Westman had, as the highly intelligent man he was, done a fast career in Sweden's foreign ministry. His analyzes of the host countries, and the power play at the League of Nations, were considered outstanding — a judgement that holds also in retrospect. The mission at the League of Nations was considered central to Sweden's foreign policy during the interbellum; and when appointed to Helsinki, that was at a moment when it was considered the most crucial of Sweden's embassies. For a diplomat, he was however also extraordinarily outspoken, often with a significant amount of sarcasm and unveiled criticism.
Finland and Operation Barbarossa
In his youth, Westman had been involved in the Nationalist Activism movement, which provided him both with relevant contacts and a good understanding for contemporary thinking in independent Finland. But he was also critical of its political development, from the bloody aftermath of the Civil War and forth, and particularly suspicious against the fennoman school of thoughts that dominated outside of the Finland-Swedish circles, and what he perceived as their strong anti-Nordic undercurrent.
His outspoken opposition against the host country's increasing cooperation with Nazi Germany, in the run up to and during the Continuation War, led to an unfortunate failure of his mission to Helsinki. His reports to Stockholm were factually correct, but he was unsuited to reestablish a Finnish feeling of trust for the Swedes after the trauma of the Winter War, and what in Finland was widely perceived as Sweden's betrayal; and in Helsinki the suspicion grew that his reports were in fact unfavorable. Most crucially, he never came on speaking terms with Finland's foreign minister Rolf Witting, despite their shared mother tongue.

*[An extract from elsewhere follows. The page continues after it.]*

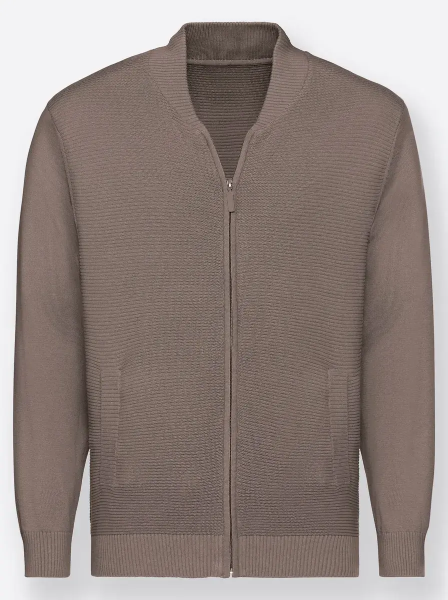 Партнер по комбинации и замена жакета: пестрый кардиган от Marco Donati с ребристой передней и задней частью. Воротник-стойка и молния. Интегрированные карманы. Ребристые манжеты на рукавах и по низу. Удобен в ношении, прост в уходе и долговечен. 100% хлопок. Машинная стирка.

This contributed to the abortion of close intelligence cooperation between the two countries, and resulted among other things in a total failure for the Swedish attempts to improve the relations with the Third Reich be means of some kind of cooperation in Operation Barbarossa — executed as "support for Finland's heroic struggle against Bolshevism" — at the same time intending to ease Finland's emotional dependency on Germany.
Westman argued, not without some merit, that his views truly represented those of the Swedish government and civil service in general, and specifically the views of the cabinet. The realpolitik policies of Foreign Minister Günther were not as popular in the left-leaning majority of the Cabinet now, when a clash between Nazism and Communism was on the agenda, as it had been during the zenith of the Molotov-Ribbentrop Pact. What he said in Helsinki, he was convinced, was totally in accordance with the views of influential Social Democrats as Östen Undén and Ernst Wigforss, and also with the generally neutralist Liberals and Agrarians.
After Finland's re-conquest of Vyborg, that had been a Swedish–Finnish key castle 1293–1721, a general display of flags was proclaimed for August 30. In an unprecedented move, Sweden's embassy did not fly the flags, and soon Finland's Foreign Minister requested his removal. It would however last yet a year, and require the request of President Ryti, until Westman was recalled to Stockholm and replaced by a less controversial diplomat.
Westman felt the recall from Helsinki to be a humiliating reprimand, for which some kind of compensation was to be expected. When Westman's friend Östen Undén after the world war became Sweden's foreign minister, Westman was promptly given the prestigeous position as Secretary General of Sweden's foreign ministry, and soon one of the most prestigeous embassies, that in Paris.